Items from a dataset

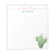 Cute green cactus with pink flowers notepad, white background. Personalised it with your own name. Great for teachers or any cactus loving friends.
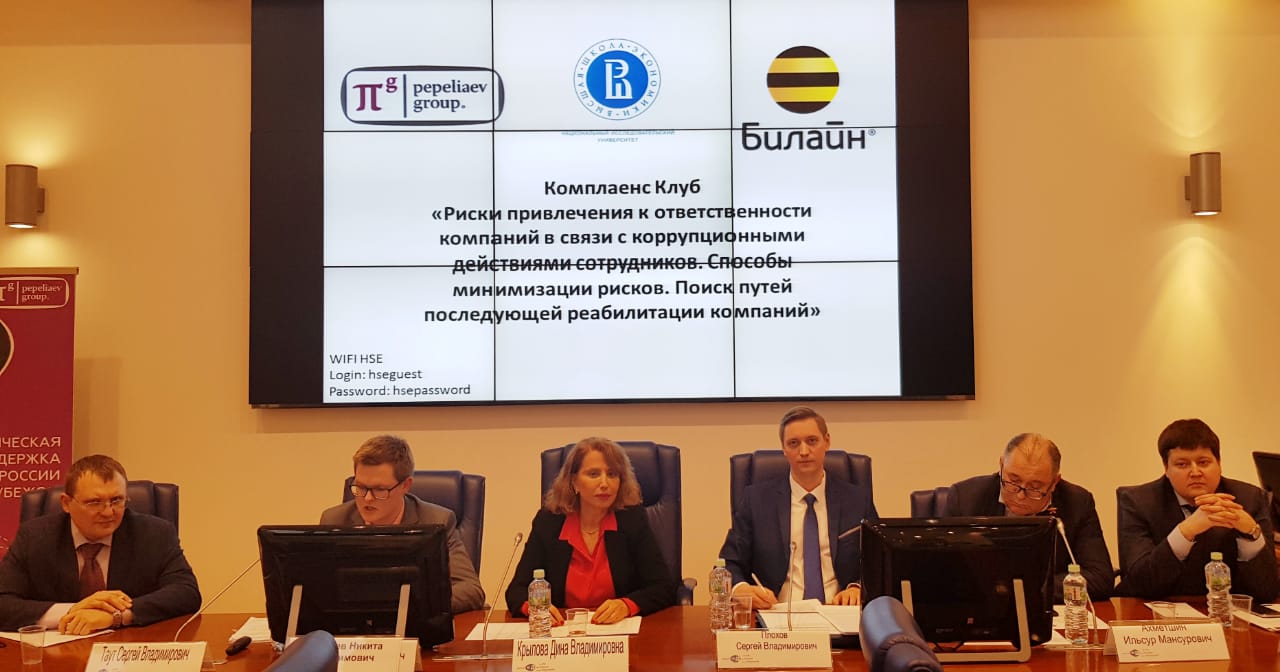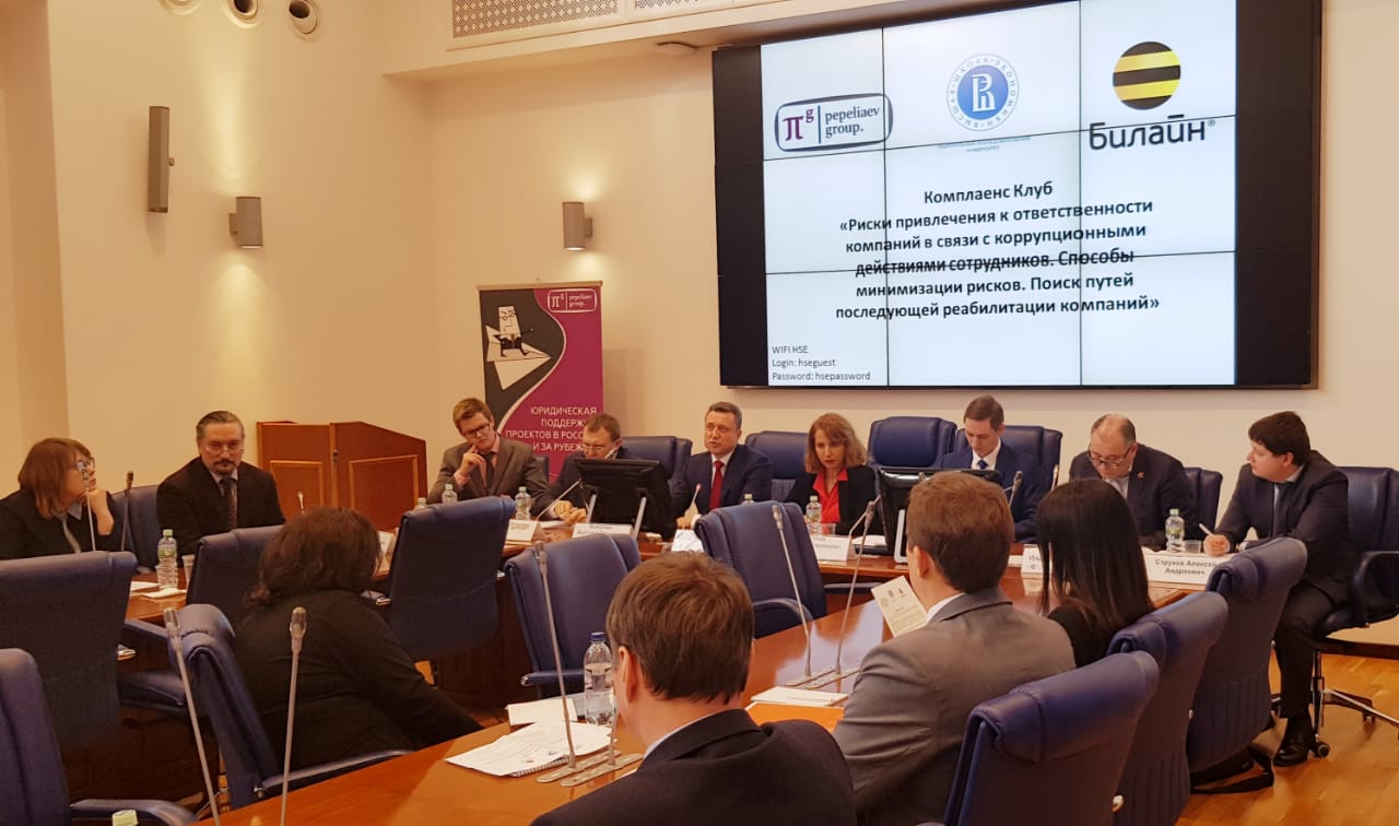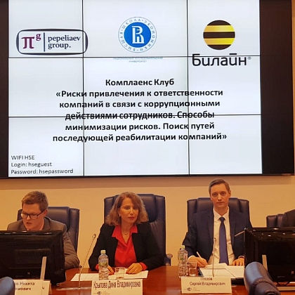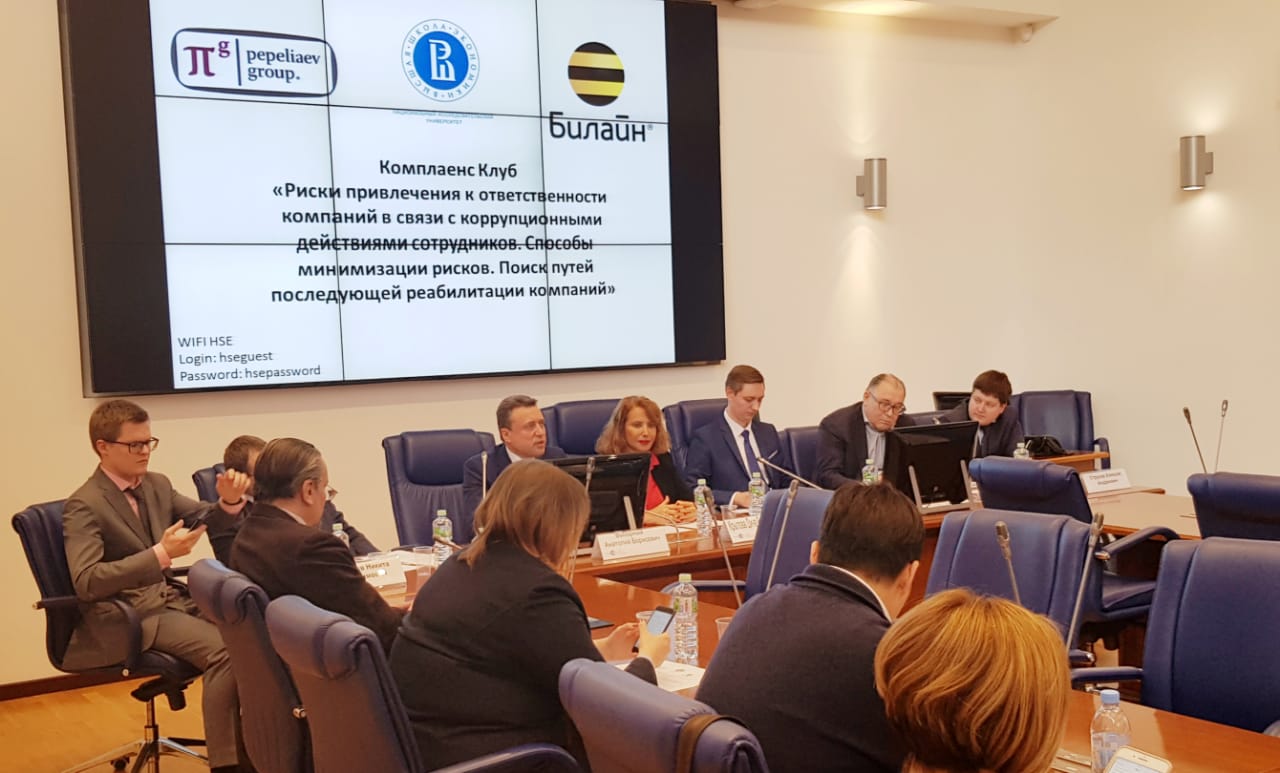 18 марта в НИУ ВШЭ состоялось первое заседание комплаенс-клуба, организованного Проектно-учебной лабораторией антикоррупционной политики (ПУЛ АП) НИУ ВШЭ при экспертной поддержке «Пепеляев Групп» и ПАО «ВымпелКом». Мероприятие было посвящено обсуждению рисков привлечения к ответственности компаний в связи с коррупционными действиями сотрудников.
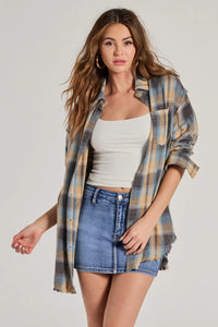 This plaid flannel top features a collared neckline with a button-down front, long sleeves you can cuff, a frayed hem, and the perfect oversized fit. Layer this casual staple over a basic top with denim!
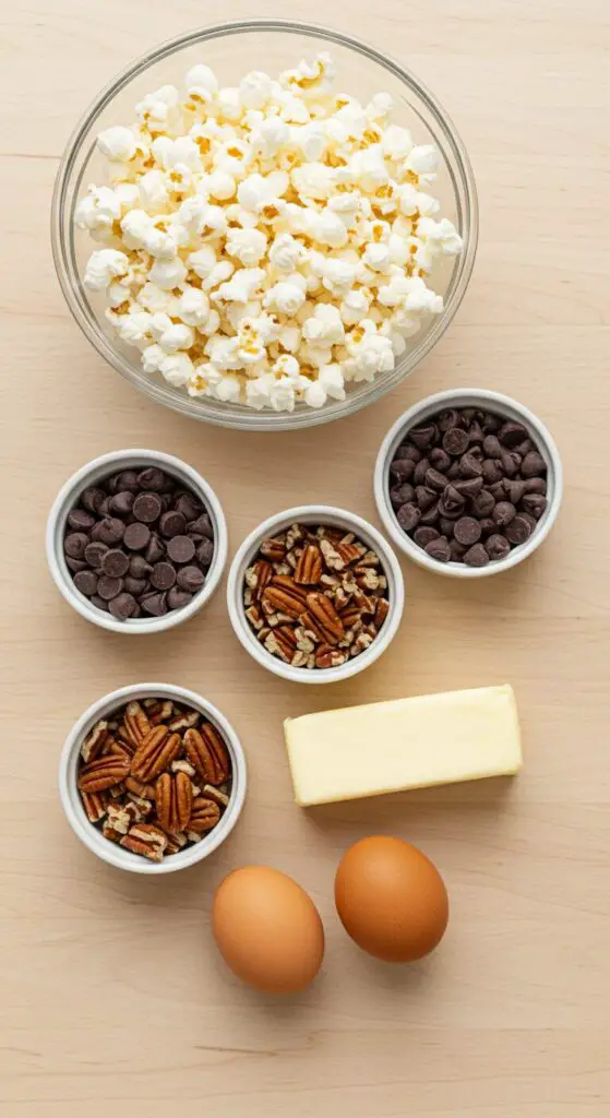 - Gently stir in the lightly crushed popcorn, the chocolate chips, and the chopped pecans.
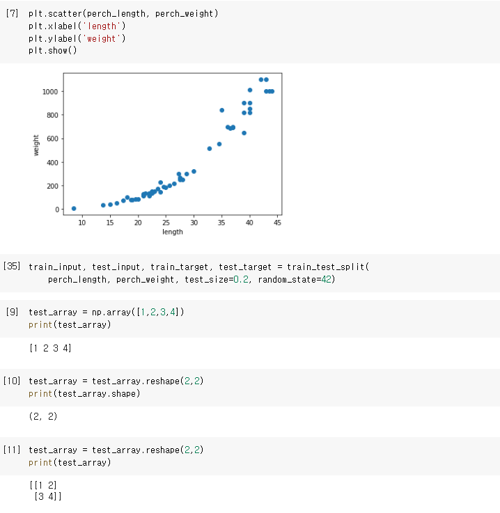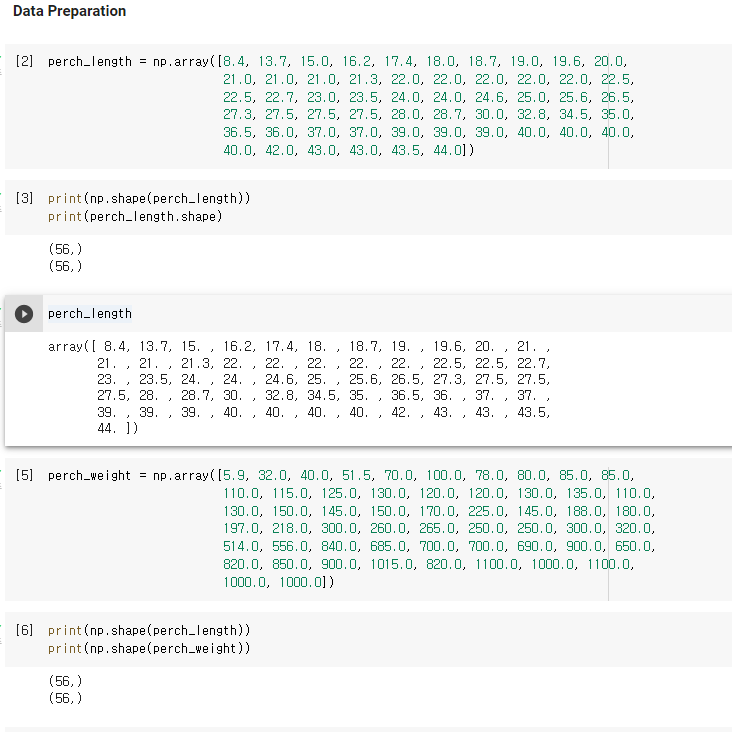 - 농어의 길이와 무게 데이터를 입력한 후, 데이터 수 및 shape을 검토 합니다.
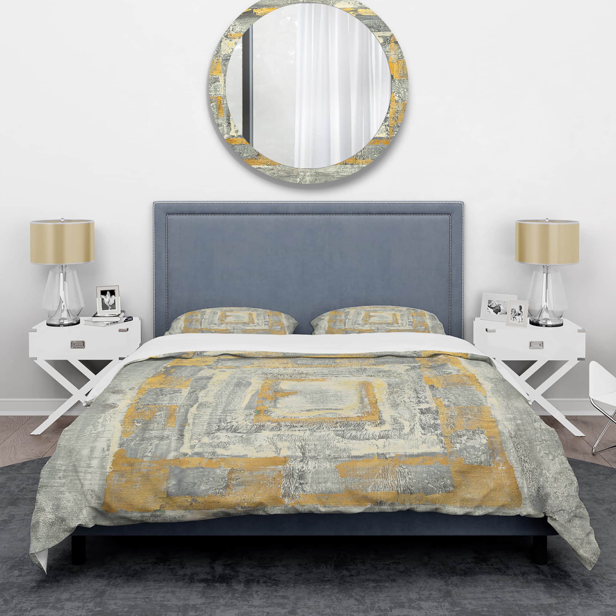 Designart 'Gold Glam on Grey Tapestry I' Glam Bedding Set - Duvet Cover & Shams

*GOAL OF THE EXERCISE*. Give a verbatim transcription of the entries, leaving out the pictures.

*RESPONSE*.
 Cute green cactus with pink flowers notepad, white background. Personalised it with your own name. Great for teachers or any cactus loving friends.
 18 марта в НИУ ВШЭ состоялось первое заседание комплаенс-клуба, организованного Проектно-учебной лабораторией антикоррупционной политики (ПУЛ АП) НИУ ВШЭ при экспертной поддержке «Пепеляев Групп» и ПАО «ВымпелКом». Мероприятие было посвящено обсуждению рисков привлечения к ответственности компаний в связи с коррупционными действиями сотрудников.
 This plaid flannel top features a collared neckline with a button-down front, long sleeves you can cuff, a frayed hem, and the perfect oversized fit. Layer this casual staple over a basic top with denim!
 - Gently stir in the lightly crushed popcorn, the chocolate chips, and the chopped pecans.
 - 농어의 길이와 무게 데이터를 입력한 후, 데이터 수 및 shape을 검토 합니다.
 Designart 'Gold Glam on Grey Tapestry I' Glam Bedding Set - Duvet Cover & Shams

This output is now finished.